GIVEN MATERIAL:
-------
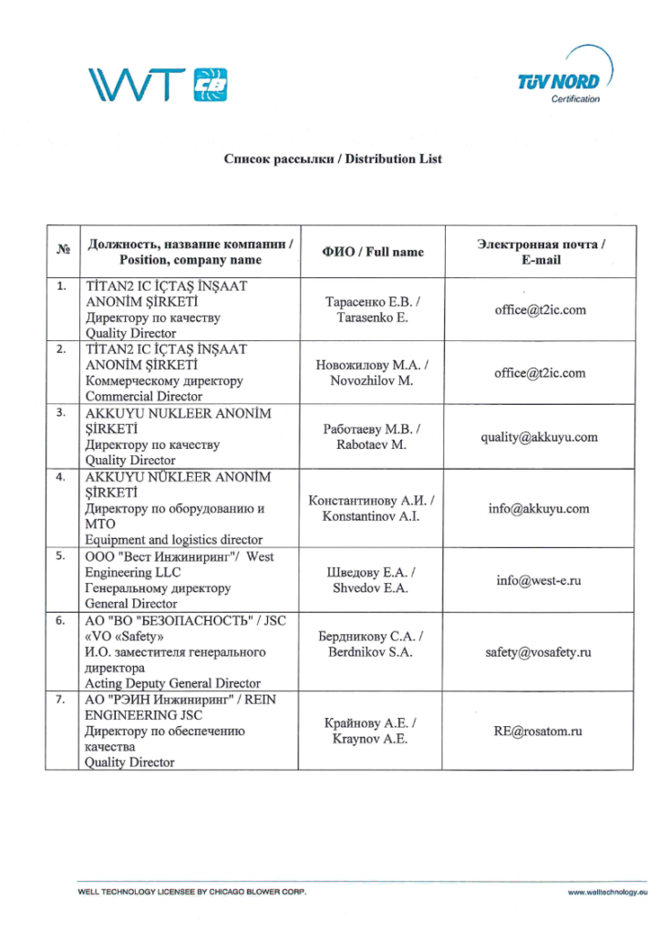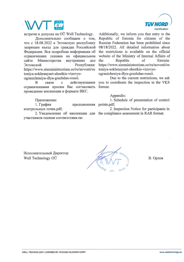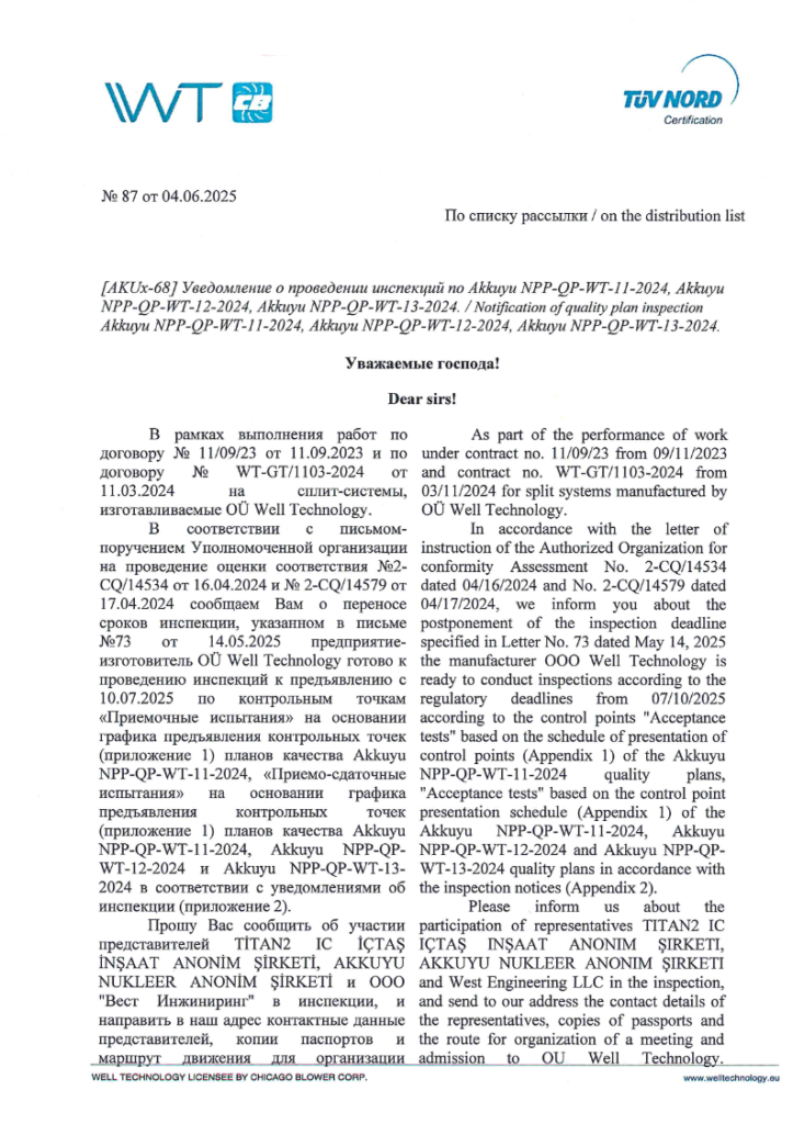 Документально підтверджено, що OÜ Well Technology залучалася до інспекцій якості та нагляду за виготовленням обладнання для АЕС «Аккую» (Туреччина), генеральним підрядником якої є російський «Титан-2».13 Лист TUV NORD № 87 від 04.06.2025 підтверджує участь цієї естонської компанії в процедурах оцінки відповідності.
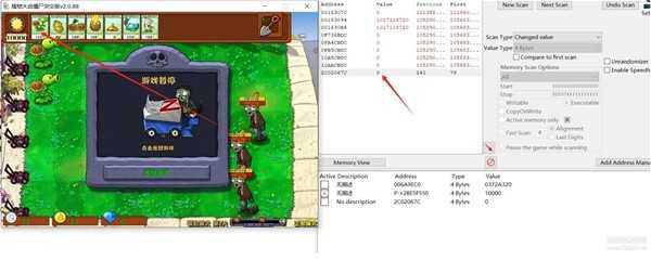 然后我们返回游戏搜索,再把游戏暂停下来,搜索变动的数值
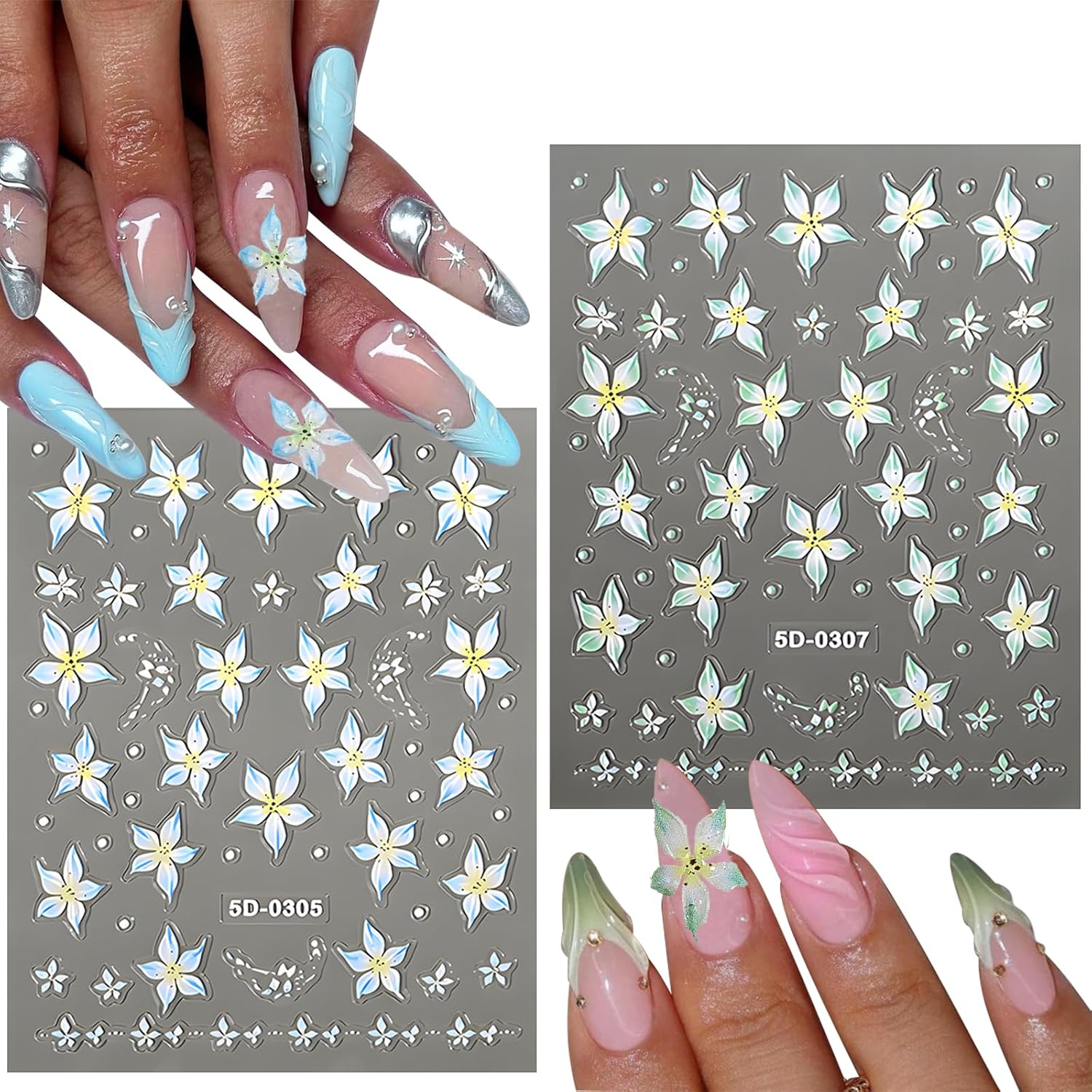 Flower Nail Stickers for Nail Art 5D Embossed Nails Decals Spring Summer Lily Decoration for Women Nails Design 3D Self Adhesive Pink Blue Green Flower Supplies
-------
EXERCISE REQUIREMENTS: Restate word for word each line from the one containing "然后我们返回游戏搜索,再把游戏暂停下来,搜索变动的数值" through the end of the material, pictures excluded.

FINISHED TASK:
 然后我们返回游戏搜索,再把游戏暂停下来,搜索变动的数值
 Flower Nail Stickers for Nail Art 5D Embossed Nails Decals Spring Summer Lily Decoration for Women Nails Design 3D Self Adhesive Pink Blue Green Flower Supplies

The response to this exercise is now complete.